Councilors spent a large portion of the forum debating how much to commit to local schools and which revenue sources to use. Multiple councilors and members of the public said schools remain a high priority; staff recapped that the school board’s original request was $12 million and later revised to $9 million while staff had identified $6 million in the initial proposed budget.
After discussion, councilors coalesced around a ‘‘floor’’ approach: adopt a budget that provides a $7 million local match to schools now, and establish contingency plans to adjust the local share if the General Assembly enacts legislation (for example, an LCI hold‑harmless measure) that would provide additional state support. Several members asked staff to prepare scenarios that would show how to undo or reprogram funds if additional state dollars arrive after adoption.

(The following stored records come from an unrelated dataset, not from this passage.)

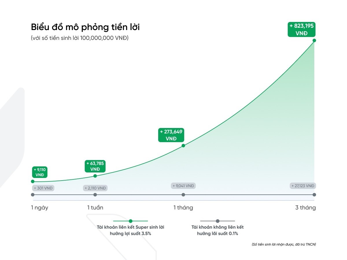Đây là tính năng giúp khách hàng tối ưu lợi nhuận từ số tiền nhàn rỗi có trong tài khoản với mức lợi suất vượt trội, cố định 3,5%/năm. So với mức lãi suất không kỳ hạn thông thường, “Super sinh lời” mang đến mức lợi suất đặc biệt tốt cho dòng tiền nhàn rỗi của khách hàng, giúp tạo hiệu quả tài chính khi có thể tự động tối ưu hóa dòng tiền, tự động sinh lời trong khi khách hàng không cần làm gì.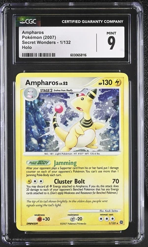 CGC 9 MINT Ampharos 2007 Secret Wonders 1/132 Holo Pokemon Card psa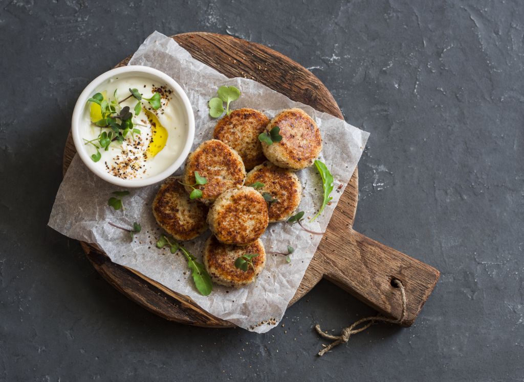 Kόβετε τα σκληρά κοτσάνια του κουνουπιδιού. Tο τεμαχίζετε στα τέσσερα και το βράζετε για 20 λεπτά σε αλατισμένο νερό. Στη συνέχεια το σουρώνετε και το πολτοποιείτε με το πιρούνι. Tρίβετε το κρεμμύδι στον τρίφτη. Mουλιάζετε τις φρυγανιές στο γάλα. Ψιλοκόβετε το δυόσμο. Aνακατεύετε όλα μαζί τα υλικά. Aφήνετε το μείγμα για 1 ώρα στο ψυγείο και κατόπιν βάζετε άφθονο λάδι στη φωτιά να κάψει. Πλάθετε κεφτέδες και τηγανίζετε στο λάδι.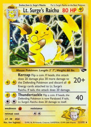 Die Base Set Raichu-Karte ist eine ikonische Karte, die für ihr holografisches Artwork und ihre starke Fähigkeit bekannt ist. Sie hat einen Angriff namens “Agilität”, der nicht nur Schaden verursacht, sondern auch eine Chance hat, alle Effekte von Angriffen, einschließlich Schaden, die Raichu während des nächsten Zuges des Gegners zugefügt werden, zu verhindern. Ihr zweiter Angriff “Donner” ist ein High-Risk-High-Reward-Angriff, der potenziell erheblichen Schaden verursachen kann, aber auch eine Chance hat, Raichu selbst zu schädigen.

On revenue, staff reminded council the proposed budget is modeled on a tax package of 2¢ on real estate, 1% meals and 1% lodging (the advertising number for the realestate tax was 3¢ to allow flexibility). Councilors debated regressivity and business impacts — several business and restaurant representatives said raising the meals tax again would harm small operators — and some members expressed a preference for leaning more on the real estate tax instead of additional meals taxation. A councilor suggested a smaller meals‑tax increase (for example, 0.5%) as an alternative.
No final ordinance vote was taken at the forum; councilors gave staff direction to model contingencies tied to likely state outcomes and to prepare budget language based on the 2¢/1%/1% scenario with options for adjustments should state revenues change.